Est-ce une bande sonore qui a été enregistrée ? Sherry Singh a été catégorique : il n’a jamais eu cette conversation. Donc, était-ce des voice actors ? Ou un logiciel utilisant l’IA qui a été utilisé pour créer la conversation ? Sollicité, David De Gaye, consultant en stratégie digitale qui oeuvre également pour donner aux humains le pouvoir transformateur de l’IA, confirme que les avancées récentes dans ce domaine ont radicalement amélioré la capacité à générer des vidéos réalistes, parfois à partir d’une simple photo et de quelques secondes d’enregistrement vocal. «Par exemple, certaines plateformes peuvent désormais créer des voix synthétiques étonnamment convaincantes avec un enregistrement minimal. Ces outils permettent non seulement de générer des voix rapidement, mais aussi de les personnaliser en ajustant le ton, la hauteur et l’accentuation pour correspondre à l’original», avance-t-il. Ces plateformes donnent la possibilité de choisir parmi une gamme de voix existantes, voire même de créer une nouvelle voix, en téléchargeant un simple extrait audio. Ish Sookun, System Architect à La Sentinelle Ltd, parle de technologies similaires. «Il y a des logiciels qui analysent la voix d’une personne. Par la suite, elle peut la calquer sur une conversation pré-enregistrée pour faire croire que c’est la voix de la première personne qui tient la conversation», explique-t-il.

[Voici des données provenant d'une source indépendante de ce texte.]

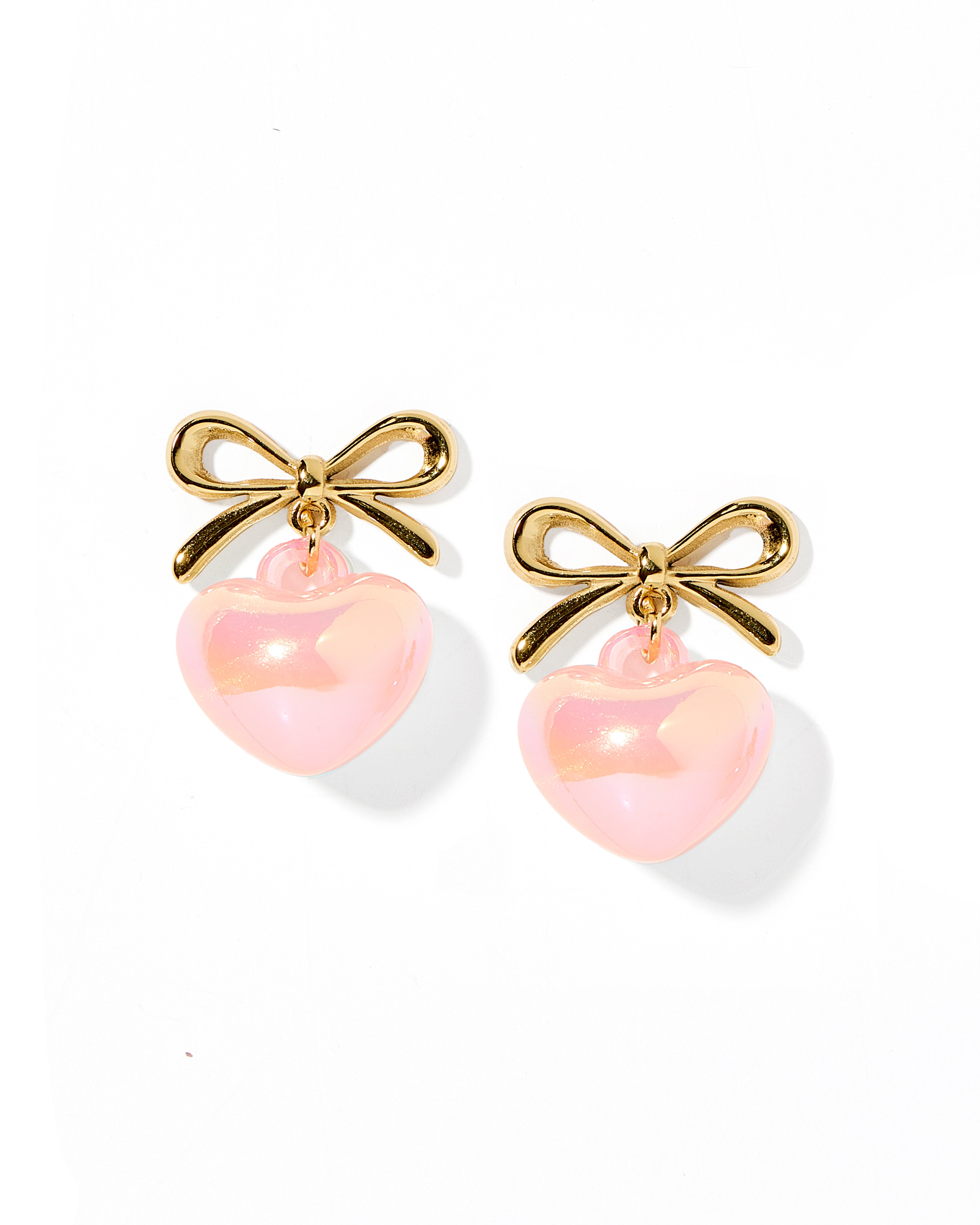 The Ruthie earring is a gold-plated stainless steel bow pendant earring with an acrylic bubble heart. She is 23mm long in size and is a light-weight staple for every stylish gal.

Avec la rapidité des avancées technologiques, il a fallu trouver des moyens pour démêler le vrai du faux. David De Gaye rappelle la fois où un employé d’une multinationale avait été piégé par des deepfakes en temps réel lors d’un appel vidéo. Il avait transféré USD 25 millions à la suite de cet appel, où il avait l’impression de parler à ses collègues, dont son Chief Finance Officer. Mais tous étaient des créations de l’IA. Depuis, des outils ont été développés pour identifier les manipulations par IA dans les vidéos et audios. «Ces technologies utilisent des algorithmes sophistiqués, capables de déceler des incohérences ou des artefacts invisibles ou inaudibles pour les humains, offrant ainsi une défense contre les abus de ces nouvelles formes de médias», explique David De Gaye. Cependant, ce type de logiciels n’est pas facilement accessible, rappelle. «Certes, ces outils ne sont pas courants. On ne les retrouve pas gratuitement sur le net, par exemple», souligne-t-il. L’un de ces outils analyse la qualité de la voix. «Lorsqu’une voix est artificiellement créée, elle est synthétique. C’est ce que ce logiciel arrive à détecter» dit Ish Sookun. Il y a aussi d’autres moyens. Dans les informations contenues dans les propriétés d’un fichier audio ou vidéo, il est possible de savoir si le fichier a été créé par une IA ou pas.
La vieille histoire des bandes sonores en politique
Les histoires de bandes sonores dans les campagnes électorales ne sont pas nouvelles. En 2014, lors d’un meeting de l’alliance Parti travailliste-Mouvement militant mauricien, la bande sonore d’une conversation enregistrée chez la famille Jugnauth avait été diffusée. À l’époque, il n’y avait pas d’intelligence artificielle et la véracité de l’enregistrement n’était pas au centre des débats. Après les élections, Madhukar Ramnarain, qui était considéré comme un proche des Jugnauth, avait été arrêté car il était soupçonné d’avoir enregistré la conversation privée. Mais, par la suite, la charge provisoire contre son épouse et lui-même avait été rayée. Cependant, d’autres internautes, qui avaient relayé la bande sonore sur le net, avaient été condamnés pour breach of Information and Communication Technologies Act (ICTA).
Dix ans après, c’est une autre étape qui a été franchie dans la guerre informatique de la campagne électorale. Avec l’apparition de l’IA, même sans enregistrement, il est possible de créer des conversations. Dans son communiqué, le ministère de la Technologie rappelle que toute manipulation et diffusion de données illégalement obtenues vont à l’encontre de la Cybersecurity and Cybercrime Act et de l’ICTA.